A draft bill from Orr, which he plans to file in the legislative session that starts Feb. 2, says “a state or local law enforcement agency may not use the results of artificial intelligence or a facial recognition service as the sole basis to establish probable cause in a criminal investigation or to make an arrest.” The results of a facial recognition service may be used only in conjunction with other information and evidence lawfully obtained by a law enforcement officer to establish probable cause in a criminal investigation or to make an arrest.
Orr said his bill is not based on a particular issue or incident in Alabama, but reports nationally that artificial intelligence misidentifies racial minorities at a higher rate than it does white people and the arrest of the wrong man based on AI.
A federal report late last year said Asians and African Americans were up to 100 times more likely to be misidentified than white men by facial-recognition systems, depending on the particular algorithm and type of search. Native Americans had the highest false-positive rate of all ethnicities, according to the study, which found that systems varied widely in their accuracy.
“The idea that somebody would be misidentified by a computer based on the color of their skin and the computer’s inability to adequately discern who that person is, it just doesn’t sit well,” Orr told Alabama Daily News.
Even if later found innocent, having an arrest on their record can seriously and negatively impact an individual, Orr said.
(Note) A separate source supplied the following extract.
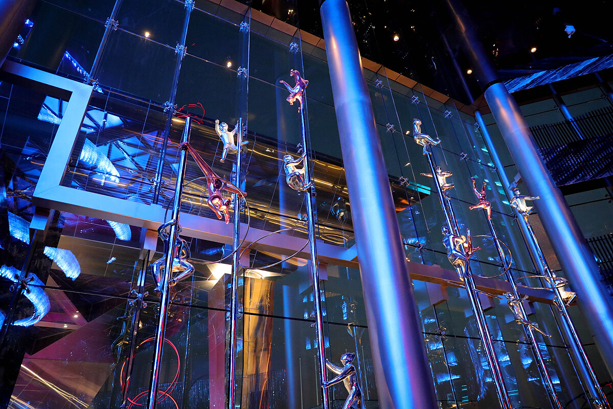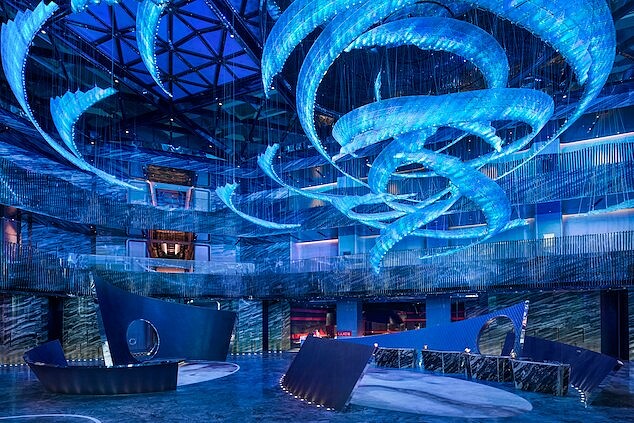 (西安W飯店大廳空中、懸浮17公尺高的抽象玻璃漩渦,擁有帶領旅人穿越時空的奇妙視覺感。)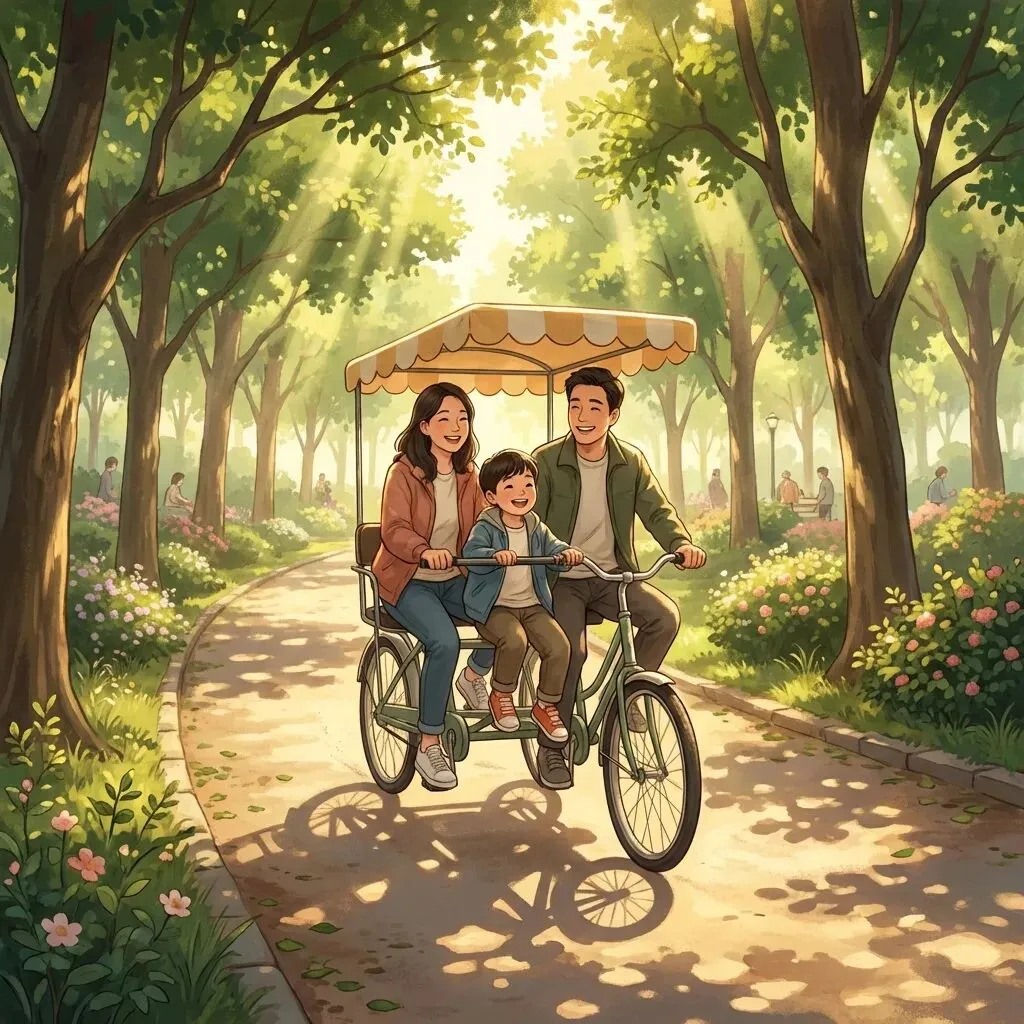 你可以自带自行车,也可以在门口租赁多人自行车(双人或四人座),非常适合一家三口或情侣互动。骑行在林荫大道上,风吹过耳边的声音,就是自由的声音。

He said his bill requires more than an AI identification to arrest someone.
“You’ve got to have more than that,” Orr said. “…You can’t use it as the definitive source for probable cause to go arrest somebody and then they’ve got a record.”
Orr’s bill would also prohibit state or local law enforcement agencies from using artificial intelligence or a facial recognition service to engage in ongoing surveillance except for in certain circumstances.
According to a statement from the Alabama Law Enforcement Agency, its policy is that results of a facial recognition service may not be used alone but only in conjunction with other information and evidence lawfully obtained by a law enforcement officer to establish probable cause in a criminal investigation or to make an arrest.
Washington state earlier this year became the first state to curb law enforcement’s use of facial recognition technology, Reuters reported.
The governor of Massachusetts recently vetoed a blanket ban on the use of facial recognition by law enforcement and some advocate for its legitimate use by law enforcement.
Washington’s law requires government agencies to obtain a warrant to run facial recognition scans, except in case of emergency. The software used must have a way to be independently tested for “accuracy and unfair performance differences” across skin tone, gender, age and other characteristics, according to the legislation, which applies to all public agencies in the state, the news agency reported.
Lawmakers in Hawaii and New York have proposed bills prohibiting arrests made only on artificial intelligence data, but they did not pass.
In 2019, Sen. Jabo Waggoner, R-Vestavia Hills, sponsored a resolution to create the Alabama Commission on Artificial Intelligence and Associated Technologies. Waggoner said he was especially interested in preparing Alabama’s students for careers in the emerging technology.
Waggoner on Wednesday said the commission met several times last year and included educators and representatives from the health care industry.
“There was a huge amount of interest,” he said.
Waggoner said he will likely bring a bill in the 2021 session to create a permanent council on artificial intelligence to study its implications on the state and its industries.